To find this signal requires “digging” through data, and removing thousands of foreground radio sources that are in the way. First up, a game of spot the difference:

How many differences did you find? Hopefully not too many, as scrolling to the right reveals a real image of radio sources on the sky (the the Murchison Widefield Array (MWA) telescope), and scrolling to the left reveals a simulation of that real data, created by the WODEN package. You can see the bright radio galaxy Fornax A in the bottom right of the image.

It may be difficult for the human eye to spot any differences, but due to small inaccuracies in the model, and affects of the Earth’s atmosphere when an observation is made, the two images will never be identical.

This makes it difficult to reliably remove the foreground radio sources while leaving the EoR signal intact.

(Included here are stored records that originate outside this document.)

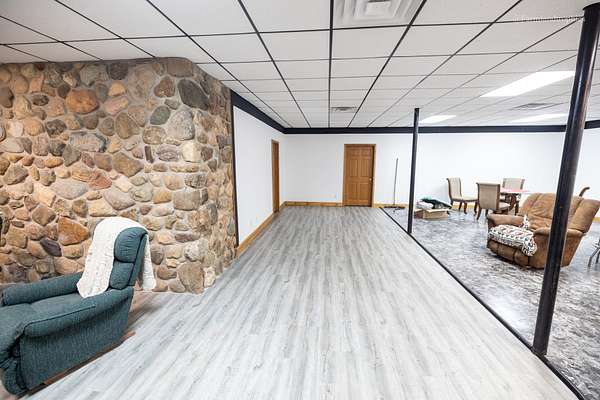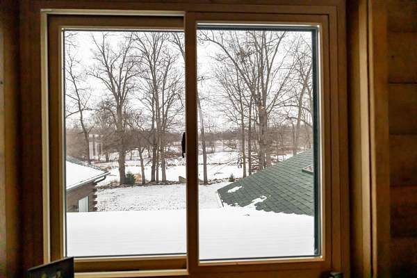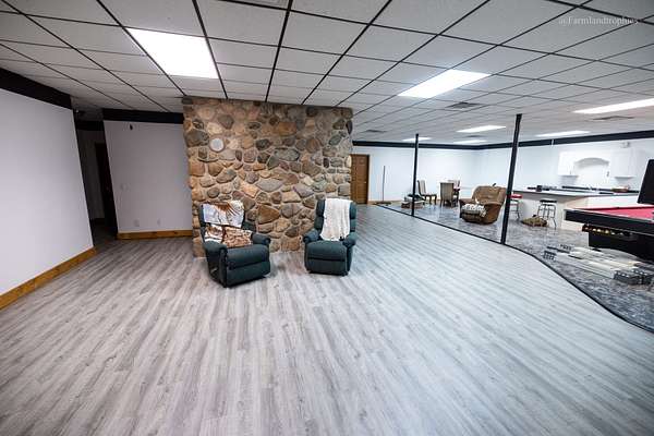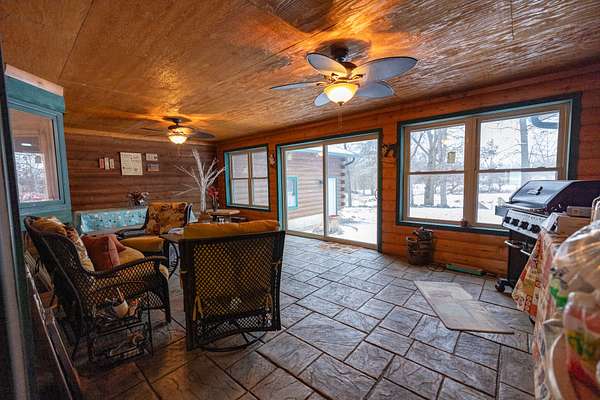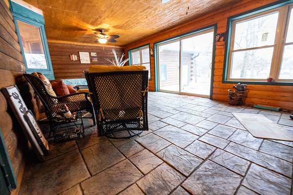 Living & Dining: Brand new flooring in living room! The open-concept layout is perfect for entertaining, with a dining area and a 4-season room featuring a custom-stamped floor and panoramic pond views. The living area showcases a striking floor-to-ceiling fireplace built with locally sourced stone, flanked by east-facing windows that capture breathtaking sunrises.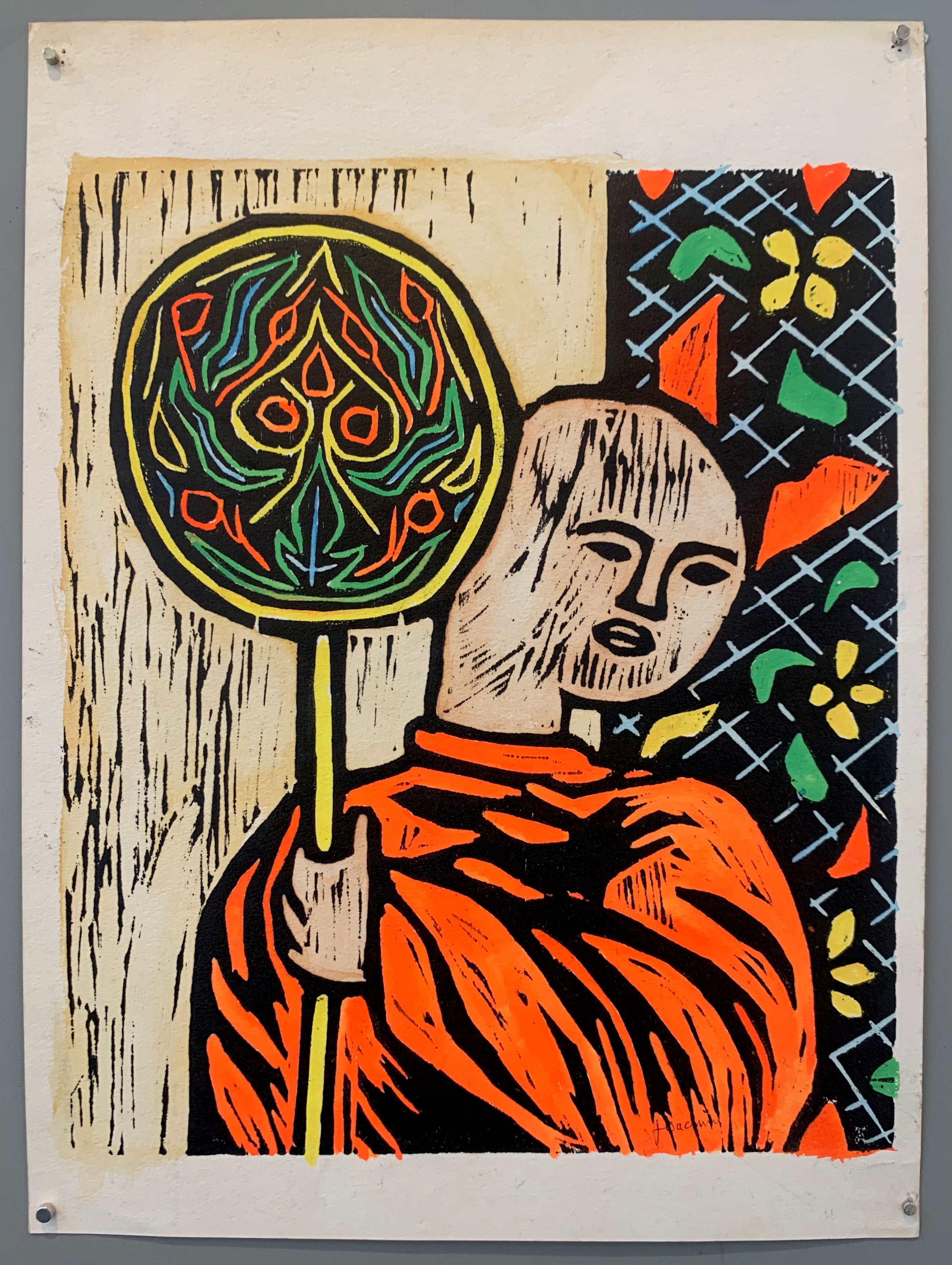 Joaquim Pedro Ribeiro Araujo was a Brazilian artist prominent in the 1960s. He worked with a wide variety of mediums including oils, tempera, ink, and woodblocks. Joaquim surrounded himself with fellow avant-garde artists of the time, including Brazilian modern artists Amilcar de Castro and Helio Oiticica. He studied art in Sao Paulo before moving to Japan where he was introduced to woodblock prints, by which he was greatly inspired. He spent a lot of time in Asia, moving to Bangkok, Thailand, where he started writing opinion pieces for the Bangkok World, climbing the art world ladder. He released his manifesto which focused on the concept of ephemerality—he believed that values are inadequate because time is always changing, therefore one should follow their own beliefs. Opposed to everything popular, Joaquim wanted to challenge the status quo and break the beatnik artist stereotype saying, “my paintings are not just for decoration in the living room. I paint to create a universe.” His works are centered around people he saw in Japan, Thailand, Singapore, Malaysia, and Pakistan, all places where he held well-received exhibitions. He became the first South American to exhibit in Southeast Asia and the first Brazilian to exhibit in Pakistan. Though Joaquim’s works were visually bizarre at times or difficult to grasp, it was hard to critique a man who held such powerful faith in his own work and believed that nothing is unchangeable, even woodblock pieces.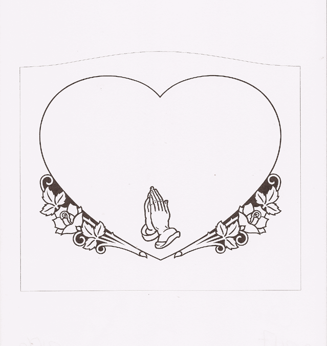 This religious theme cemetery memorial features a heart shaped epitaph box adorned inside at the bottom center by a pair of praying hands and graced on the outside by two long stemmed roses. A great way to show your loved ones dedication to God and their faith. A great bible verse that could be paired with this design is found in Phillipians 4:7 "And the peace of God, which transcends all understanding, will guard your hearts and your minds in Christ Jesus".
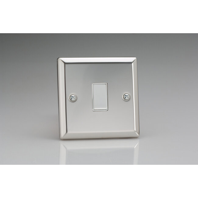 Varilight Classic 1-Gang 10A Retractive Switch White Mirror Chrome White Rocker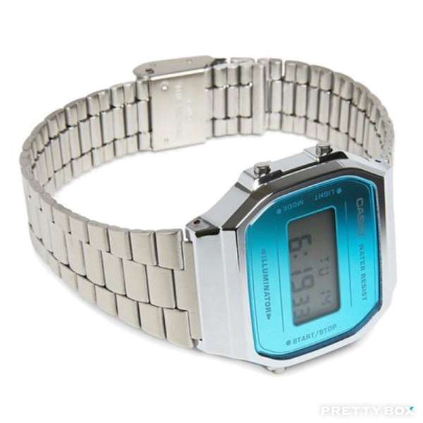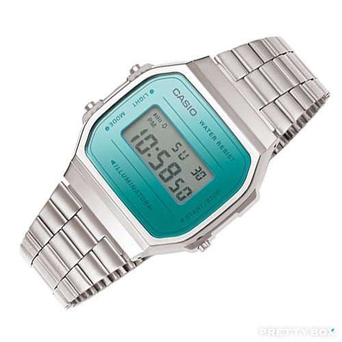 CASIO A168WE系列推出全新配色,外觀以復古造型設計為主,新色中提供了五種配色選擇,不繡鋼錶帶色系包含玫瑰金、金及銀色三種選擇,搭配不同色系的錶盤顏色,豐富且多元的多種選擇,是款經典且復古的設計,全系列具備生活防水、1/100秒計時碼表、鬧鈴、LED背光照明、全自動月曆、12/24制切換等多項功能。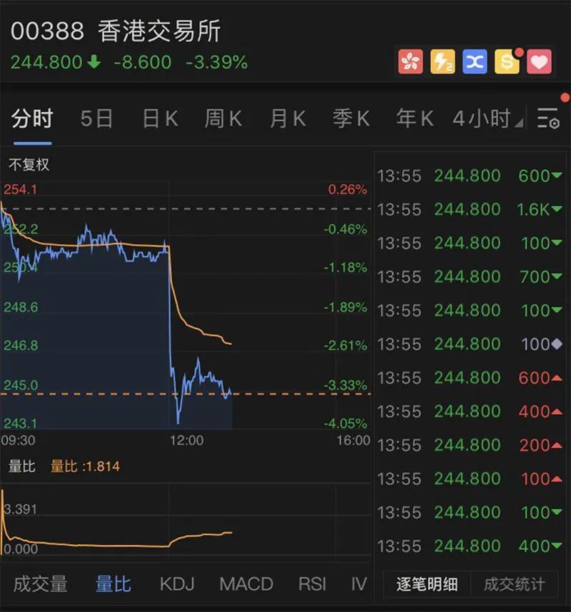 受李小加不再续约及一季度盈利下降等的影响,午后开盘,港交所股价直线跳水,跌幅由午间收盘时不到1%扩大至3.3%。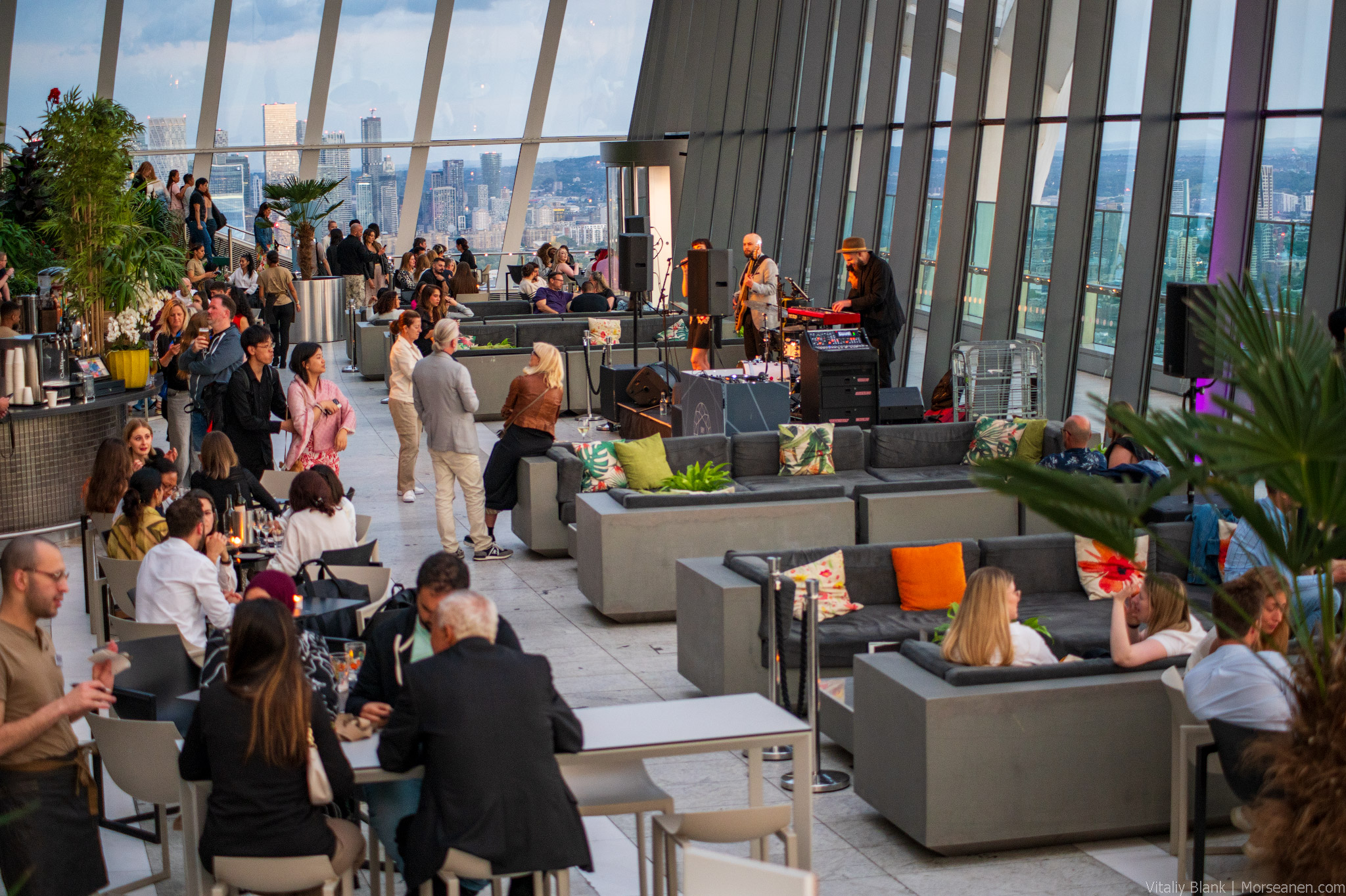 Помимо видов я кайфанул от масштабов пространства. Построить такой атриум на верхних этажах небоскреба — мое почтение.
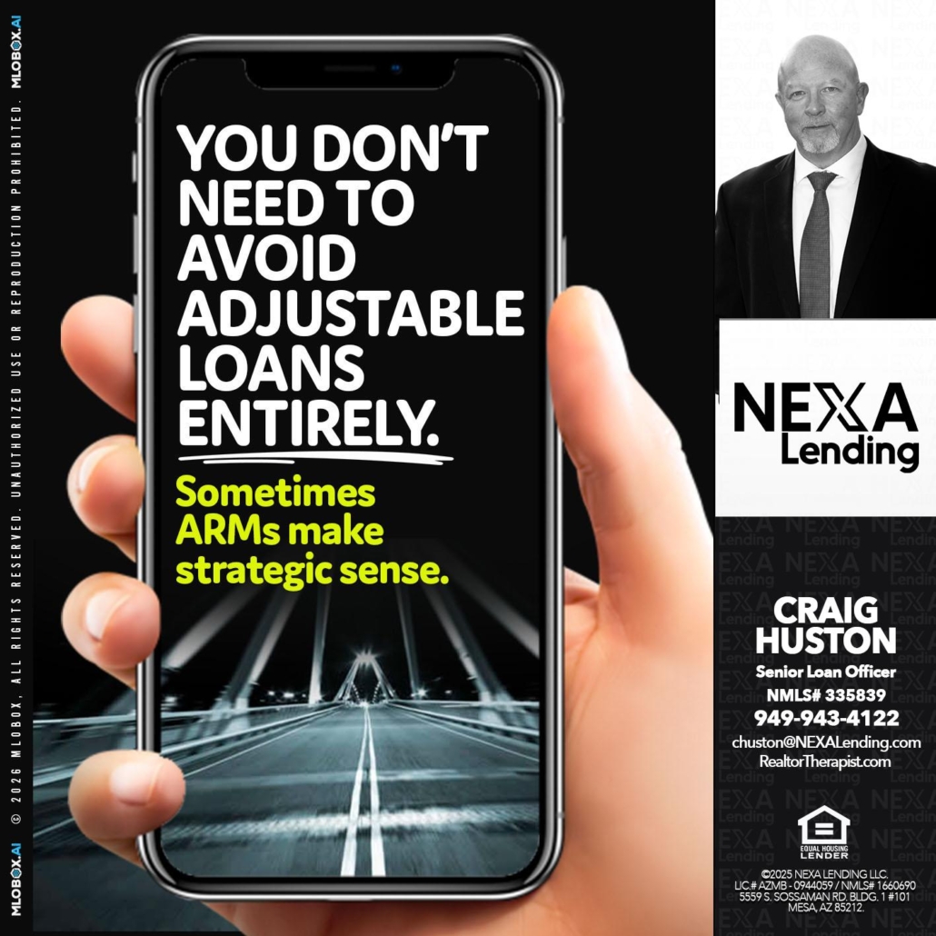 YOU DONT NEED - Craig Huston -Senior Loan OfficerHi, my name is Craig Huston. I’m a Loan Officer with NEXA Lending LLC., offering personalized mortgage solutions, fast customized quotes, great rates and service with integrity.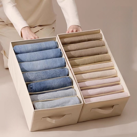 Scatola di immagazzinaggio dei pantaloni per vestiti con scomparti organizzatore magico per il guardaroba domestico scatola di immagazzinaggio a strati di jeans per la custodia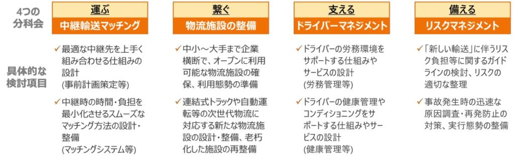 また、中継輸送に次ぐ取り組み領域として、ドライバーの労務環境や健康状態の改善を通じて、効率的で持続可能な物流の構築を目指す。それらの実現に向けて4つの分科会活動を本格的に稼働させ、企業や業界を超えた価値共創に取り組んでいくとしている。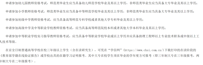 我们从北京市的中小学教师资格考试报名公告里面可以看到,公告报名条件要求是大学专科或本科以上学历,这其中并没有强制要求全日制的学历。其实在绝大部分情况下,只要没有特别标明仅限全日制学历报考,那么所有专升本的方式,包括自考专升本或者成人继续教育的专升本学历,都完全符合报名条件。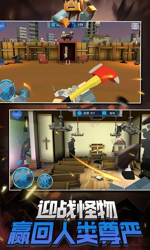 蹦跶小怪兽官方最新版是一款像素僵尸射击游戏。在游戏中玩家将化身一名枪手射杀僵尸拯救世界,游戏里有海量的关卡,每一关都有数波的僵尸,消灭完所有的僵尸才算胜利通关,但是也要注意躲避僵尸的攻击,否则被攻击到会不断的被扣血,扣血完毕即算闯关失败,所以很考验玩家的射击技巧和走位技巧。另一方面,游戏里还有各种强大的枪支可以解锁,玩家可以用通关获得的金币购买,有了这些强劲的枪支从而可以更好的帮助玩家击杀僵尸通关。最后,蹦跶小怪兽游戏拥有像素风格的画风,精良的建模,还有逼真的射击声效,配合令人紧张刺激的音乐,可以让玩家体验到射击僵尸所带来的快乐。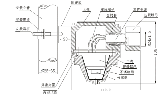 输出信号: 420mA标准电流信号输出及第一段报警无源触点输出,

One method is to focus on removing the brightest 1,000 foreground objects, in a process called peeling. This process is computationally costly, so anymore objects than that and the computer says “No”. Despite that drawback, it is very accurate in removing sources because it takes the model as a guideline only, and is able to find the actual location, brightness and size of the radio source in the image, which may be different to the model for any number of reasons.

Another way to approach it is to model many more sources and instead of spending the computational power finding exactly where those sources are in the image, to simply remove what you expect to be there. This has the benefit of removing many more radio sources with the downside that there are more inaccuracies in their removal.

The below image compares the original MWA data with what is left of the data in both processes of removing the foreground radio galaxies. Straight off there are some nasty left-overs on the right-hand source removal that look like “holes”, where the simple subtraction has failed, either due to the atmosphere messing with the image, or having a bad model for that source. However, the simple subtraction, on the left-hand source removal, has removed thousands more sources than the peel on the left. This is important, as the EoR signal is in every direction on the sky (in every pixel of this image), and so the more you can subtract the better.

Left column: MWA image. Right column: MWA image after the brightest 1000 sources have been “peeled” away, leaving many more dimmer sources behind.

The jury is still out on which approach is better for now, but that is exactly what Jack is working on finding out.